In addition to Minnehaha Park, Creek, Falls and private school in Minneapolis, there's a Minnehaha Lake in Ontario, a Minnehaha Park in Spokane, Wash., and Minnehaha County is the most populous in South Dakota. There's even another Minnehaha Falls, in Georgia.

Minneapolis also retains Hiawatha landmarks — golf course, lake, thoroughfare, rail line, schools. There are towns named Hiawatha in Iowa and Kansas, along with a trail in Idaho, a Hiawatha high school in Illinois and a community center in Seattle. Northern Michigan was home to a Hiawatha Telephone Co. and correctional facility as well as the Hiawatha National Forest. Giant fiberglass Hiawatha statues still stand in La Crosse, Wis., and Ironwood, Mich.

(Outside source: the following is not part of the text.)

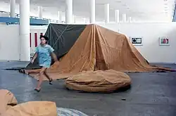 This period saw initiatives such as Arte na Praça (drawing and painting classes for children and teenagers, offered free of charge on Sundays at Dom José Gaspar Square, in São Paulo),[3] Bandeiras na Praça (a demonstration with banners created by a group of artists at Praça General Osório in Rio de Janeiro),[7] and the intervention Escada (1968) in the outskirts of São Paulo. Also from this time are the works presented at the 10th São Paulo International Biennial in 1969: A Carga [The Load], Presunto [Ham], A Pedra [The rock], and Barril [Barrel], created from raw and repurposed materials found in the city, such as mattresses, truck tarps, barrels, straw, and plastic.[8] Those art productions did not only focus on the sculptures but also the connotation of threat and danger.[9] Notable pieces in this exhibition include Presunto ("Ham") and Barril ("Barrel"), which explored the urban landscape characterized by ambivalence between opacity and morbidity.[9]

The poem's popularity led it to become the source material for Hiawatha books, plays, symphonies, movies — both live action and animated. Katharine Hepburn recited lines from it in a 1957 movie and Johnny Cash spoke-sang a fragment of it in a ballad recorded in 1965. Of course, the propulsive rhythm is the basis of the classic Hamm's Beer jingle — "Hamm's, the beer refreshing."

A century and a half ago, readers were enthralled with "The Song of Hiawatha." The critics, then and now, not so much. At the time of its publication, it was panned in the New York Times. It has come to be regarded as historically inaccurate propaganda loaded with tropes and racial stereotypes.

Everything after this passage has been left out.